The 37-count indictment was later narrowed through court rulings and pretrial developments. In May 2013, the Georgia Court of Appeals addressed the state’s attempt to appeal the dismissal of several counts from the indictment. A summary of the decision is available through FindLaw.
Hill’s state corruption case ultimately ended without a conviction. In August 2013, the Associated Press reported that jurors acquitted him of 27 felony charges, including theft-related and false-statement counts. The acquittal allowed Hill to continue his law-enforcement career.
But Hill’s later career would bring another, separate criminal case — and this time, a conviction.
In 2021, the U.S. Department of Justice announced that Hill had been indicted on federal civil-rights charges involving the use of restraint chairs at the Clayton County Jail. Federal prosecutors alleged that Hill ordered pretrial detainees strapped into restraint chairs for hours without legal justification. The DOJ’s announcement is available here.

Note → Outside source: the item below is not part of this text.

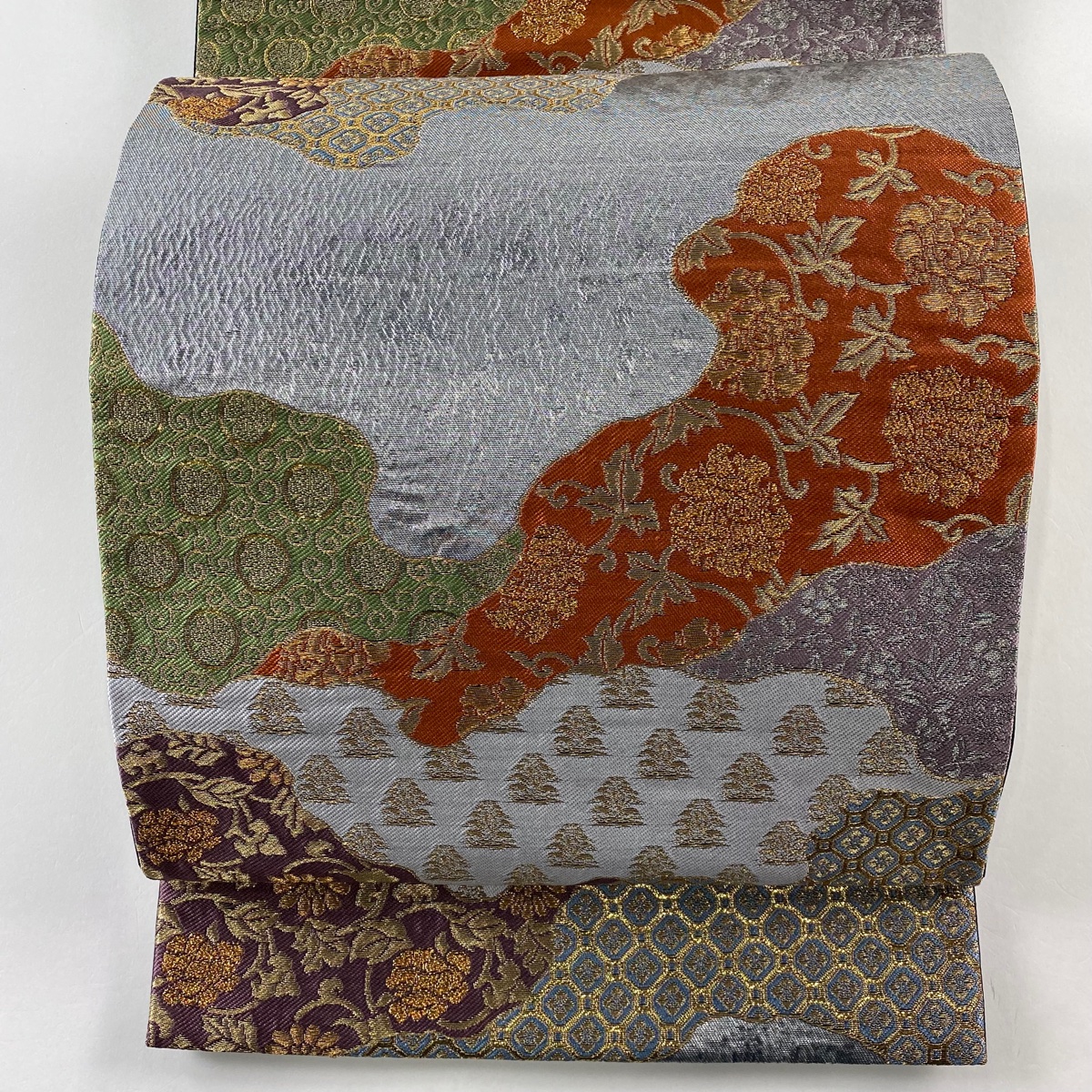 袋帯 美品 秀品 鈴乃屋 花唐草 花菱 金銀糸 箔 銀色 六通 正絹 中古 在庫一掃
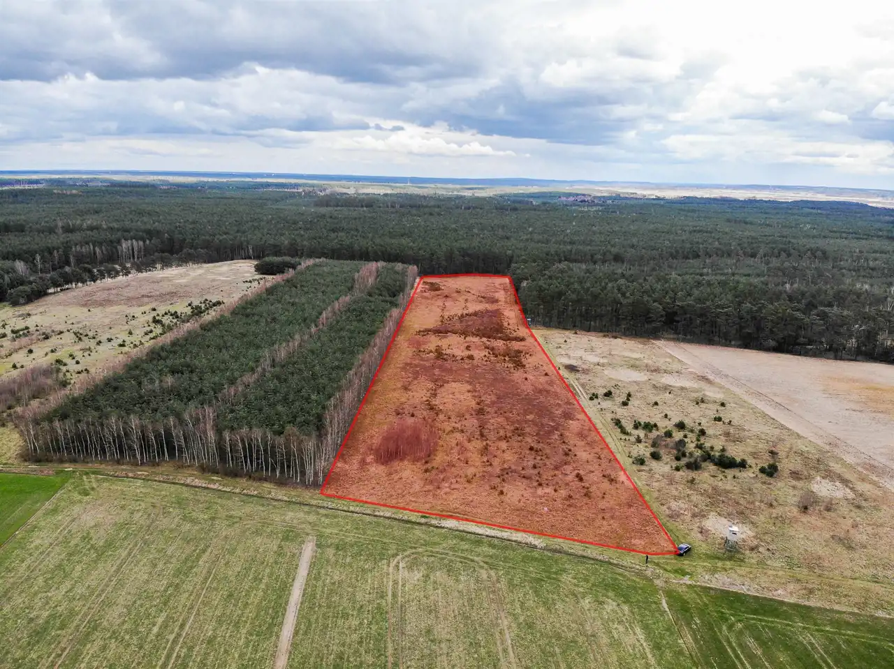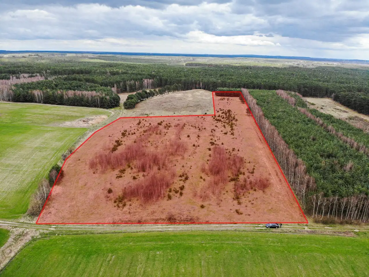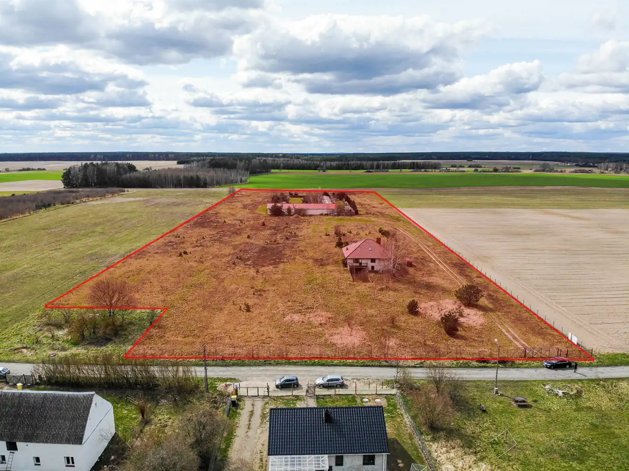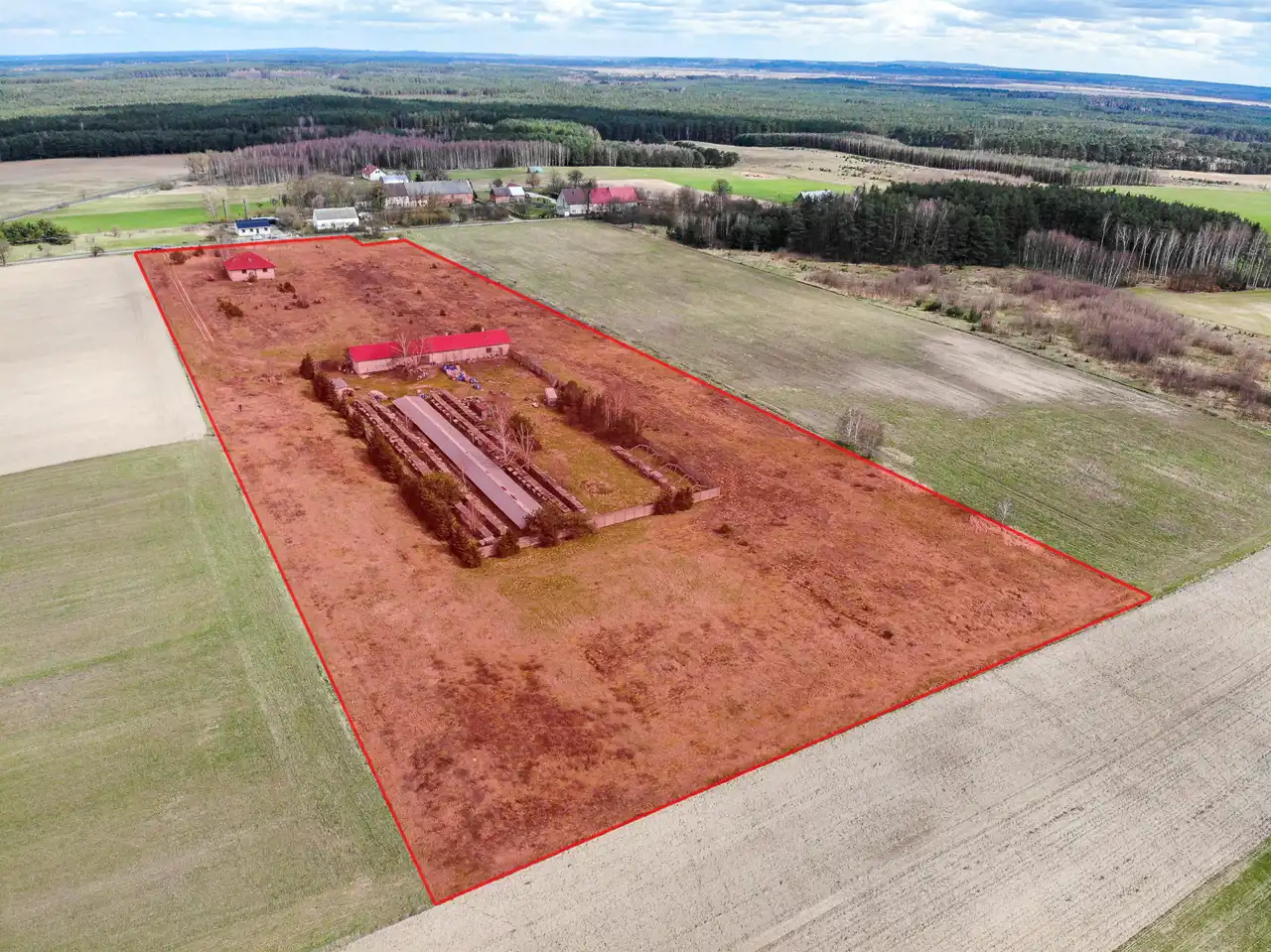 Przedmiotem oferty jest działka gruntu (własność) o powierzchni 3,92 ha zabudowana domem jednorodzinnym o powierzchni użytkowej 118,53m2 oraz budynkiem gospodarczo- magazynowym o powierzchni użytkowej 269,50m2.

Hill was later convicted in federal court. In March 2023, the Department of Justice announced that the former sheriff had been sentenced to 18 months in federal prison for violating the civil rights of six pretrial detainees. The sentence also included six years of supervised release, 100 hours of community service, and a restriction barring him from working in law enforcement or serving as a law-enforcement consultant.
In 2024, the U.S. Court of Appeals for the Eleventh Circuit affirmed Hill’s federal conviction. The court’s opinion, available through Justia, rejected Hill’s appeal and upheld the jury’s verdict.
The 2012 election remains one of the most striking examples of the gap between criminal allegations and political accountability. Hill was not convicted in the 2012 state corruption case, and the presumption of innocence applied then as it does in every criminal case. But the fact remains that Clayton County voters knowingly returned him to power while he was under a major felony indictment.
For critics of law-enforcement misconduct, the Victor Hill case raises a larger question: what does accountability mean when voters, political structures, and legal timelines allow an indicted law-enforcement official to regain control of the very office at the center of the allegations?